The cta_tiler dynamically adjusts the block sizes being sent for processing based on the incoming group size. The larger the group size, the larger BLK_M, but the smaller BLK_K is - changing the sub-tensor shape. This helps to maintain a consitent computational workload per tile since roughly the same amount of data is being sent to each thread in the Cooperative Thread Arrays (CTAs). This is how it allows memory requirements stay consistent and stable during processing.

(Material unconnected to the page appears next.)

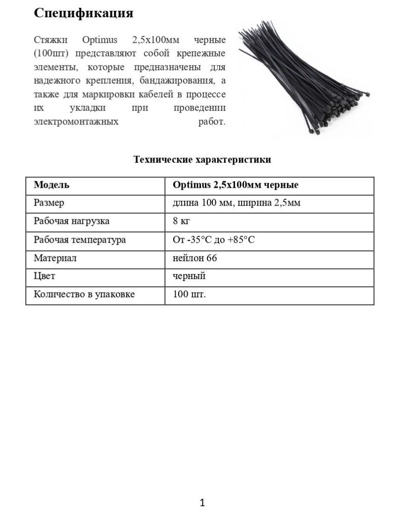 Стяжки Optimus 2,5x100мм черные (100шт) представляют собой крепежные элементы, которые предназначены для надежного крепления, бандажирования, а также для маркировки кабелей в процессе их укладки при проведении электромонтажных работ.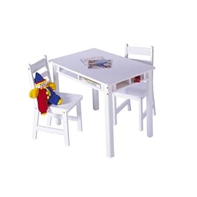 Lipper International 534W Child"s Rectangular Table and 2-Chair Set, White: Home & Kitchen

layout_sX partitions the threads in a threadblock by applying the make_layout command from CuTe. It takes in a shape (e.g. a matrix of 8 by 8) and then creates a layout object, which is essential for mapping from coordinate space(s) to an index space. This is what ensures that the larger tensor can be reconstructed correctly after tiling. The layout object, just like cta_tiler, dynamically changes the shape of the sub-tensor based on the input group size (since the shape input to make_layout is also BLK_M and BLK_K), mainting consistent amounts of data per each tile and therefore processing thread.

Answer 3d:
Theres a few reasons why the saved GPU memory is not exactly (32 - (4+8/32))/32 = 86.7% The first is that the code actually uses MXINT8 not MXINT4, meaning the above equation is slightly incorrect. The correct theroetical savings should be (32 - (8 + 8/32))/32 = 74.2%, since the mantissa should be 8 bits not 4. Even with this change, the theoretical savings are not reached. This is due to the quantisation process only being applied to certain layer types. The following code block shows that only linear layers are quantised, and any others (such as activation layers) are left in full precision.

```plaintext
for layer_name, layer in model.named_modules():
if not isinstance(layer, torch.nn.Linear):
continue
if "classifier" in layer_name:
continue
layer.cuda()
layer_q = QLinearPacked.build_from_linear(layer, group_size=mxint8_group_size)
set_layer_by_name(model, layer_name, layer_q)
del layer
torch.cuda.empty_cache()
```

Therefore, even though the quantised weights take up far less space, the overall memory saving is reduced to about 66.4% instead of the upped theoretical bound 74.2% due to non-quantised layers also being used by the GPU.